Given the latest warnings from international multilateral institutions to Japan — the OECD and IMF, as reported by the FT on Thursday – to “refrain from raising interest rates until inflation is firmly positive” (that is, to keep rates at their current near-rock bottom level of 0.5 per cent), Mr Wood’s predictions will undoubtedly be born out.
However, if the yen falls towards the 125-130 range against the dollar on increased capital outflows, notes Mr Wood, “then Greed & Fear would still expect international pressure to mount regarding the undervaluation of the Japanese currency”. Such international pressure “would provide the Bank of Japan with the excuse to get on with normalising yen-interest rates,” he adds.
In (what some of us at FT Alphaville think unlikely) the event that Japanese rates rise significantly, “the positive investment recommendation from such an outcome would be to buy Japanese bank stocks and sell Japanese property stocks.”
“A sudden acceleration in market expectations of Japanese rate hikes would again trigger concerns about the unwinding of the yen carry trade. This would likely create some short-term weakness in risky assets including Asian and emerging market equities,” says Mr Wood.
But the downside would not be traumatic so long as credit spreads do not rise dramatically. “Greed & Fear continues to believe it is ultra tight credit spreads, rather than the yen carry trade, which is the key driver of extreme risk tolerance.”
[* The monthly capital and financial account outflow rose to a nine-year high of ¥3.75 trillion in March, up from ¥1.93tn in February, according to Japan’s Ministry of Finance. Similarly, Japan’s Investment Trusts Association reported last week that Japanese investment trust holdings of foreign assets surged by ¥1.77tn ($15bn) in April to ¥32.3tn and are now up ¥4.57tn year-to-date.

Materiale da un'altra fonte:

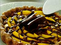 Massa: peneire em uma tigela a farinha e o cacau, junte as amêndoas, o sal, 6 colheres (sopa) de açúcar e a manteiga em pedaços pequenos. Misture com as pontas dos dedos até obter uma massa quebradiça. Junte o ovo e o vermute e misture rapidamente. Forme com a massa uma bola, envolva-a em filme plástico e deixe descansar na geladeira por 30 minutos. Ligue o forno à temperatura média. Abra a massa a uma espessura de cerca de 0,5 cm. Unte com a manteiga e enfarinhe uma fôrma redonda de aro removível de cerca de 24 cm de diâmetro. Forre a fôrma com a massa, cubra com uma folha de papel-manteiga untada e com uma camada de feijão cru. Leve ao forno médio por cerca de 30 minutos. Retire do forno, deixe esfriar e desenforme. Recheio: afervente os pêssegos, retire a pele e corte-os em fatias. Coloque para ferver 600 ml de água com o açúcar restante por cerca de 10 minutos. Junte o pêssego, desligue o forno e deixe esfriar. Coloque o creme de chocolate com nozes em um refratário e derreta em banho-maria com metade do creme de leite. Incorpore 2 colheres (sopa) da calda de cozimento dos pêssegos e despeje essa mistura sobre a massa fria. Distribua por cima as fatias de pêssego, bem escorridas. Pique o cholate, coloque-o em um refratário e derreta-o em banho-maria com o creme de leite restante e 2 colheres (sopa) de calda do pêssego. Deixe até que o chocolate grude levemente no fundo do refratário. Retire do fogo e despeje, em fio, sobre a crostata. Deixe esfriar e sirva.

This is the biggest monthly increase since the monthly data began in 1989.]
 
E questo è Fels di MS:

View of the day: Joachim Fels, Morgan Stanley
By Joachim Fels, Morgan Stanley

Published: May 24 2007 17:15 | Last updated: May 24 2007 17:15

The bubble in bonds may be deflating, warns Joachim Fels, chief global fixed income strategist at Morgan Stanley.

Mr Fels says the overwhelmingly negative news flow for bonds recently is only the beginning of a major bear market for the asset class.


“First, the global economy is on fire. The US industrial sector is rebounding, European growth has remained robust and China and many other emerging market economies are continuing to do well.

“I expect the second leg of the global upswing to be driven by a stronger capex spending response to rising capacity constraints,” he says. “Second, central banks are becoming more hawkish. The People’s Bank of China is tightening policy, the European Central Bank has further to go and the US Federal Reserve will likely keep rates in restrictive territory for longer.

“Third, global inflation fundamentals are deteriorating. Food and energy prices are rising, labour markets are tightening, and capacities are highly utilised.”

Mr Fels says all this argues for higher real rates and for markets to price in higher higher compensation for inflation. “The ongoing recycling of commodity producer and China surpluses into bonds may provide some offset, but the central banks of the surplus countries are more keen on putting money into risky assets. Hence, the bubble is likely to move from bonds into equities,” he says.